Manual (re)weight changes only provided a temporary solution and, despite all
our attempts (OSD restart, etc.), we reached the critical full_ratio threshold,
which is 0.97 for us.
I'll leave you to imagine the effect on the virtual machines and the services
provided to our users.
We also had very strong growth in the size of the MONitor databases (~3 GB ->
100 GB) (compaction did not really help).
Once our VMs were shut down (crashed), the cluster completed its recovery
(HDD-type OSDs) and, curiously, the SSD-type OSDs began to ‘empty’.

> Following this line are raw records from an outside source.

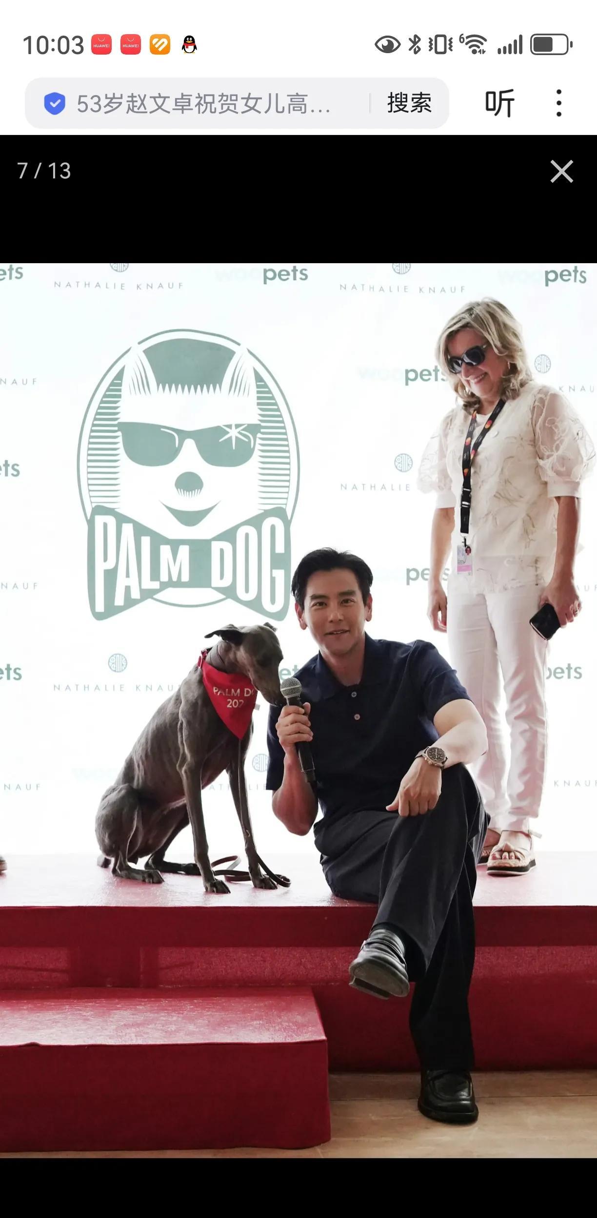 2024年第77届戛纳国际电影节上,《狗阵》的主演彭于晏和片中细狗的饰演者,品种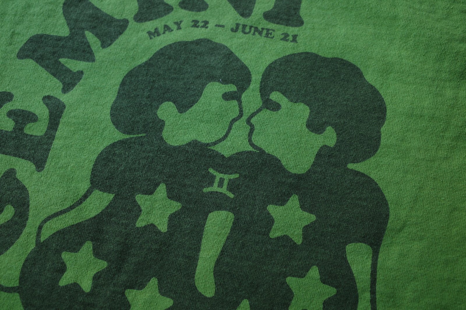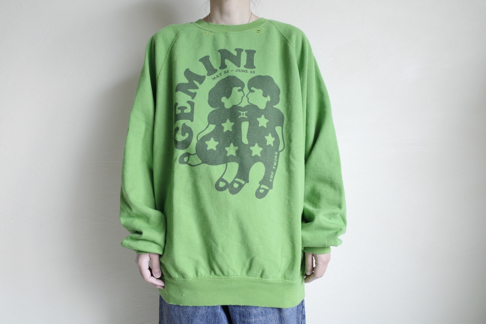 旧式の吊り編機を使用し、ヴィンテージのBEETHOVENやSNOOPYシリーズのボディになっているSPRUCE社製スウェットの縫製方法を踏襲し、全体にヴィンテージ加工を施して独特な雰囲気に仕上がっています。大塚黎氏がコレクションしたヴィンテージの12星座の柄すべてを捻れや縮みなど細かく分析し再現したスペシャルシリーズです。UNISEXで着用していただけます。生地の特性上個々で風合い・サイズに差がある場合があります。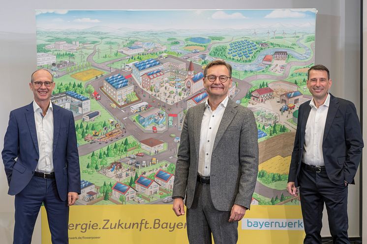 v.l.: Die Bayernwerk-Vorstände Dr. Egon Leo Westphal, Reimund Gotzel (Vorsitzender) und Andreas Ladda vor der „Flower-Power“-Illustration, die das Energiesystem der Zukunft darstellt.
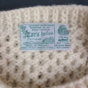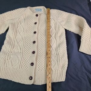 Vintage Irish Wool Hand Knit Womens S? Cable Fisherman Cardigan Ivory Ireland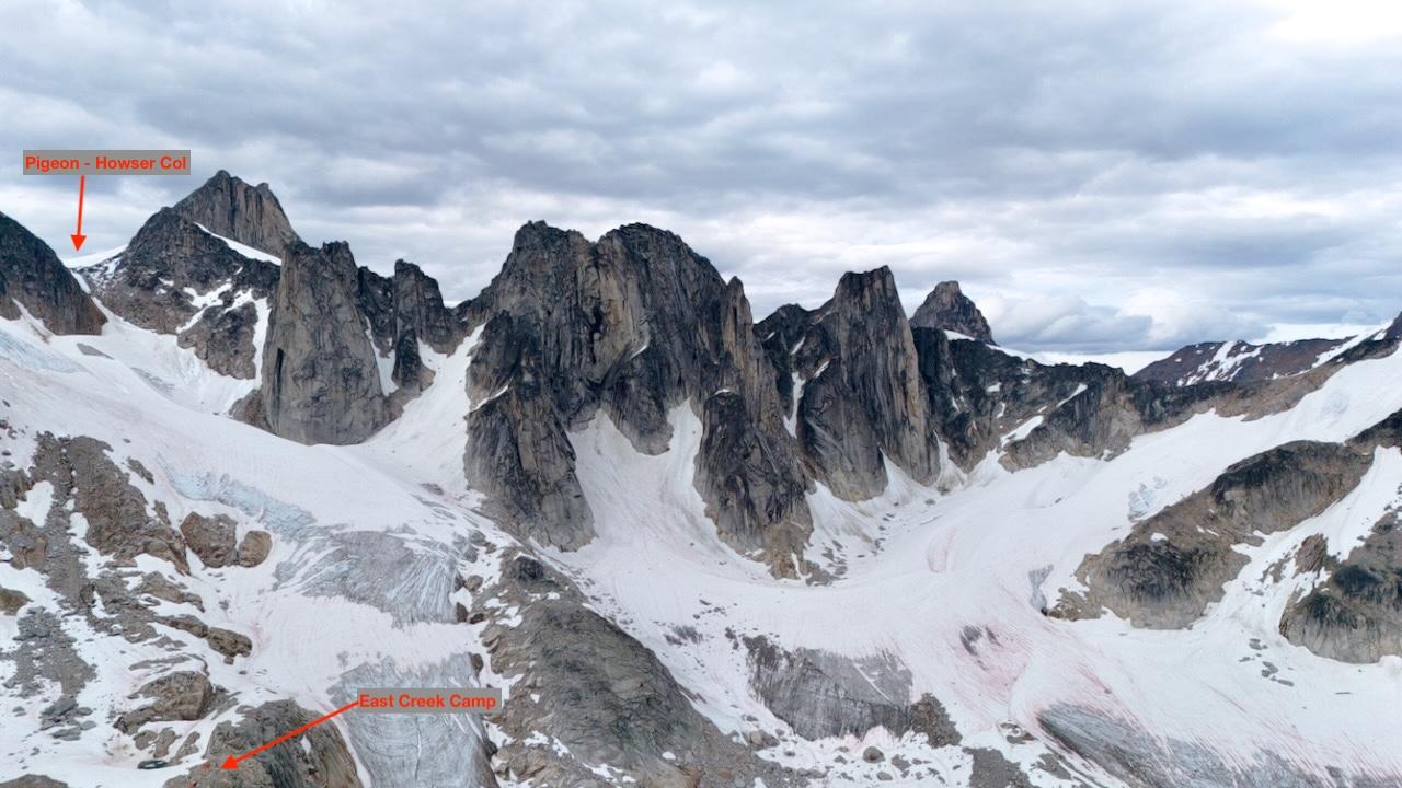 Just back from three days in the East Creek Basin. Travel through the Pigeon - Howser Col is still pretty good with only a couple of short sections on rock/gravel. It is melting out fast and will be challenging once the snow is gone.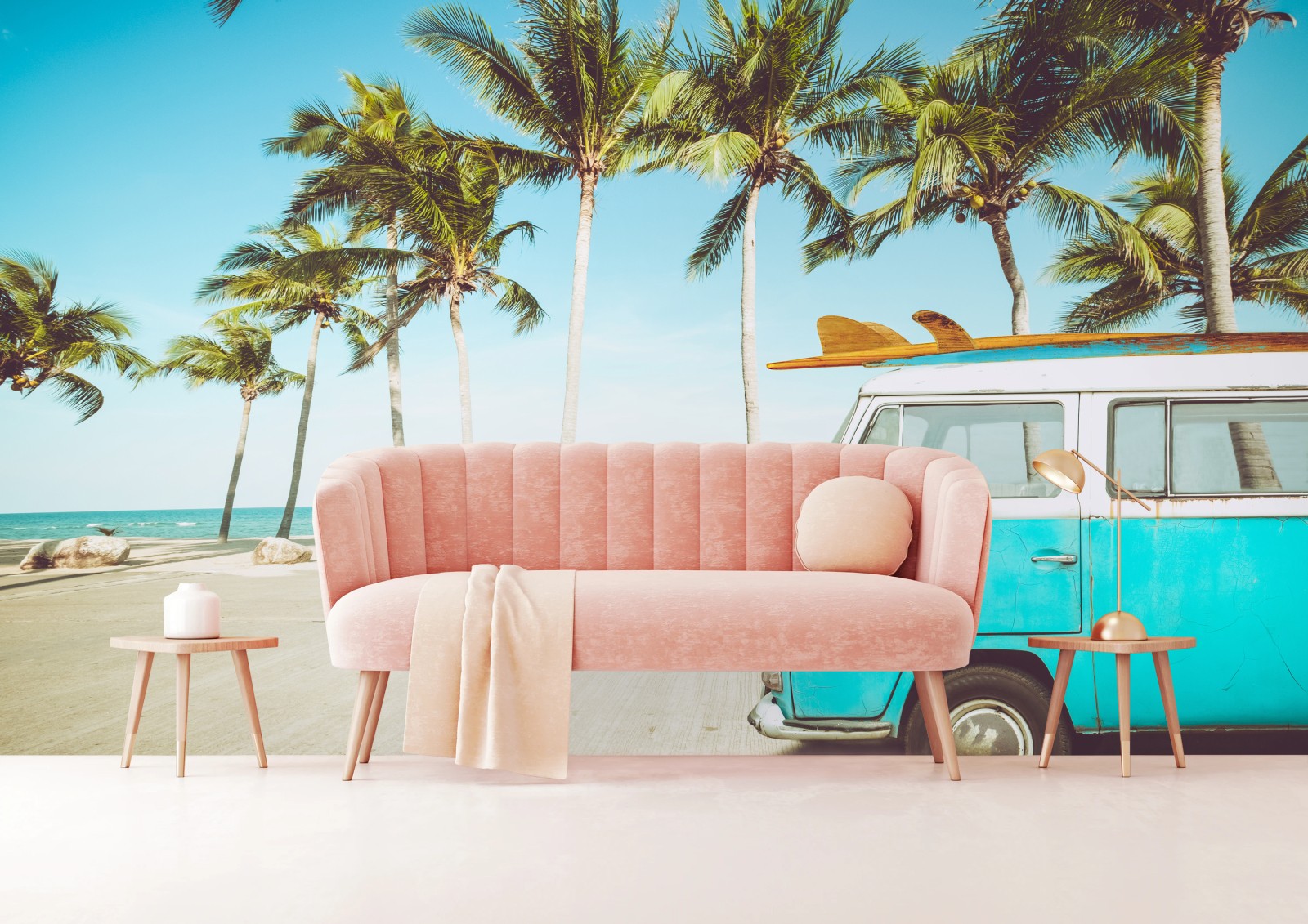 Sonnenverwöhntes Retro-Motiv mit einem Vintage-Bus und Surfbrett vor Palmen, perfekt um jedem Raum maritimen Charme zu verleihen.MehrWeniger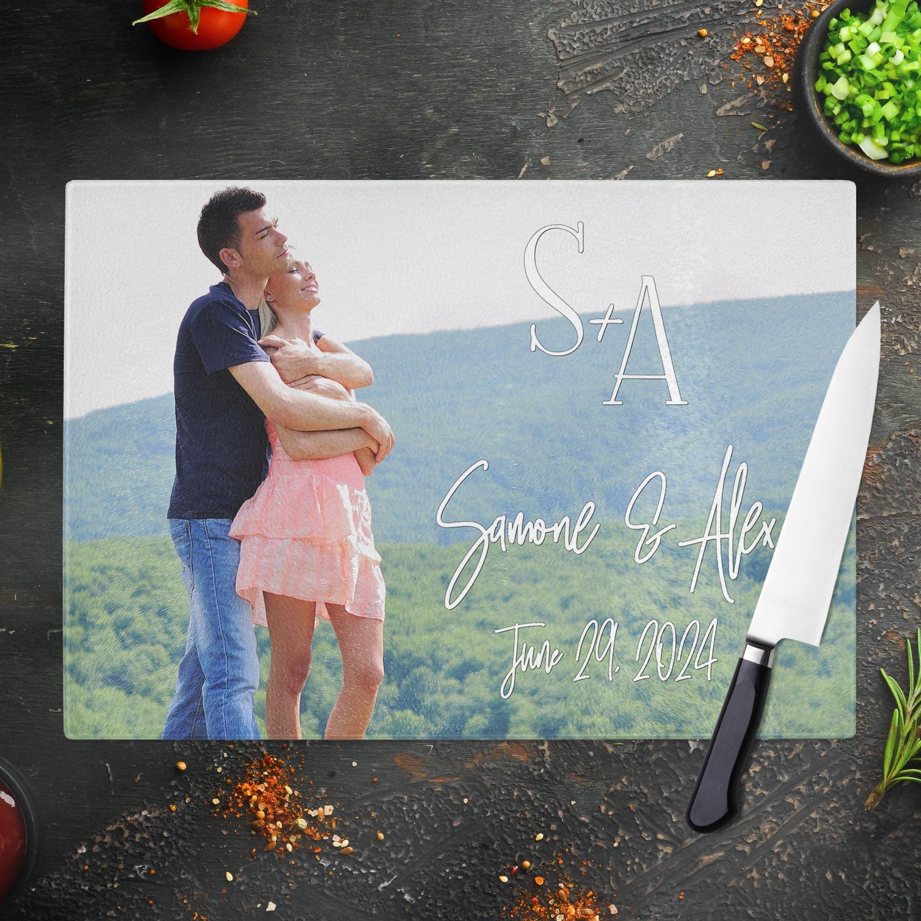 Introducing our Custom Couple Glass Cutting Board, the perfect blend of functionality and sentiment for your kitchen. This large cutting board, expertly crafted from durable glass, is not just a kitchen accessory but a piece of art. Personalize it with your favorite photo or recipe, transforming it into a unique photo gift. Ideal for chopping or as a stylish cheese board, it adds a personal touch to any kitchen decor. A thoughtful wedding shower or closing gift, this custom cutting board is a memorable keepsake for couples to cherish.

The day after that, we began updating the storage servers in our second DC, and
the phenomenon started again. We did not wait until we reached full_ratio to
shut down our virtualisation environment and this time, the ‘SSD’ OSDs began to
‘empty’ after the following commands: ceph osd unset noscrub && ceph osd unset
nodeep-scrub.
In fact, we used to block scrubs and deep scrubs during massive upgrades and
recoveries to save I/O. This never caused any problems in FileStore.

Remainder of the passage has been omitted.